Moves back to the US.

Suncorp’s technology lead Jeff Smith has resigned from the company to take up a role at IBM.

Smith will end his seven-year stint at Suncorp in August this year, moving to the United States to take up a senior executive position at the vendor. His position has not yet been announced, an IBM spokesperson said.

Smith's IT career has included leadership positions at Toyota and Charles Schwab, and CIO roles at both Telstra and Honeywell prior to Suncorp.

Smith was instrumental in driving Suncorp’s agile software development culture, a long systems consolidation and simplification program, and more recently its decision to move 2000 applications to the Amazon Web Services cloud and consolidate data warehouses into a single data store for analysis.

For the past four years Smith served as the chief executive of Suncorp Business Services, a consolidated IT function shared by Suncorp’s numerous insurance and banking businesses.

The company announced that Matt Pancino, currently CIO of the Suncorp Group,  will now assume the position.

A spokesman for Suncorp told iTnews it was as yet unclear how Pancino’s former responsibilities would be met, or whether indeed Suncorp will continue to bestow the ‘Group CIO’ title.

Suncorp Group chief executive Patrick Snowball thanked Smith for his "friendship, professionalism, drive and enthusiasm.

“Jeff’s strong and inspirational leadership qualities have ensured we have exceptional talent within Suncorp Business Services," he said.

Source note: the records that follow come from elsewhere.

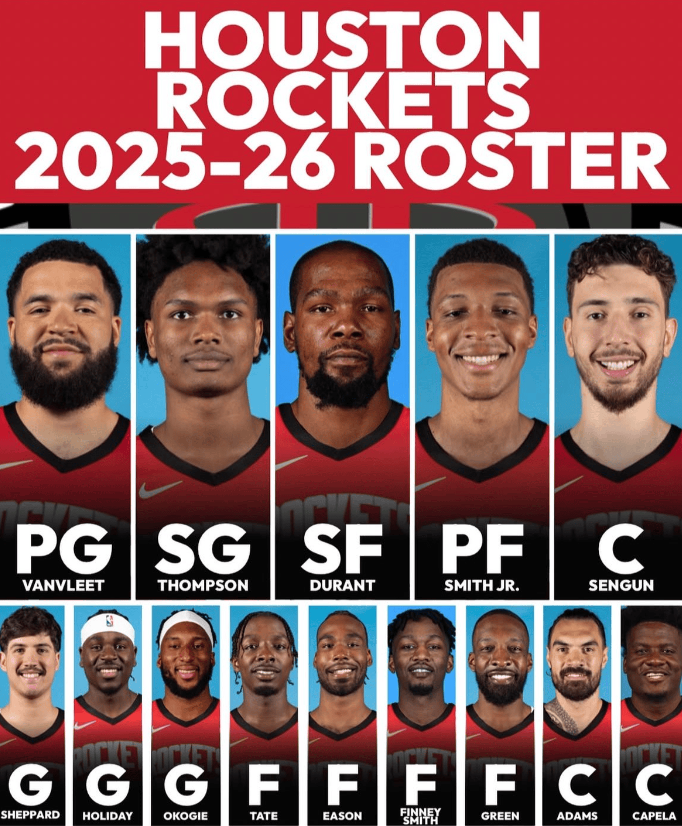 圖中列出了火箭新賽季的陣容名單。
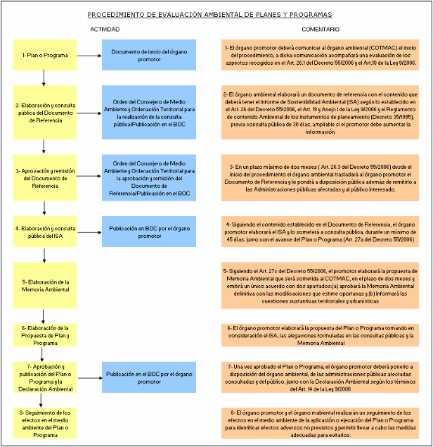 En el ámbito de la Comunidad Autónoma de Canarias se aprobó el procedimiento de Evaluación Ambiental de Planes mediante el Reglamento de Procedimientos de los instrumentos de ordenación del sistema de planeamiento de Canarias (Decreto 55/2006, de 9 de mayo).
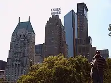 The neighborhood was historically part of an artistic hub that developed around the two blocks of West 57th Street from Sixth Avenue west to Broadway during the late 19th and early 20th centuries, following the opening of Carnegie Hall.[7][8][9] Several buildings in the area were constructed as residences for artists and musicians, such as 130 and 140 West 57th Street, the Rodin Studios, and the Osborne Apartments, as well as the demolished Sherwood Studios and Rembrandt. In addition, the area contained the headquarters of organizations such as the American Fine Arts Society, the Lotos Club, and the American Society of Civil Engineers.[10] The site of Metropolitan Tower was occupied by several low-rise buildings of four and five stories, including the Little Carnegie Theater, which closed in 1982.[11]
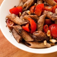 Add the pasta back to the pot, mix with tomatoes and nuts, and serve.

"This has allowed a smooth succession plan involving the promotion of Matt Pancino to the CEO role within our shared services function. Matt is a well-qualified executive with a proven track record. I’m delighted with his appointment."

Driving agile culture

Smith’s proudest legacy at Suncorp was its seven-year journey to drive a new working culture based on lean and agile principles, which has now permeated from IT into the broader business.

“Culture is a term that a lot of people don’t understand, but we take it quite seriously,” Smith told investors late last month. “It’s operational. It informs all the operational practices we want to follow, the innovation practices, the leadership practices".

Suncorp uses agile to “eliminate variation”, he said, “to use visual control systems to solve problems, to harness diversity of thought to get things done quickly.” The methodology values “course correction over perfection, and self-directed teams over command and control".

Suncorp has produced its own curriculum, which it calls ‘Agile Academy’, to reinforce these values for the 55+ graduates Suncorp recruits every year, and for the staff working from its offshore technology delivery partners.

Smith credits Pancino for helping the company to overcome the challenge of ‘distributed agile’, which refers to the communication challenges that come from working in small delivery teams made up of onshore and offshore resources.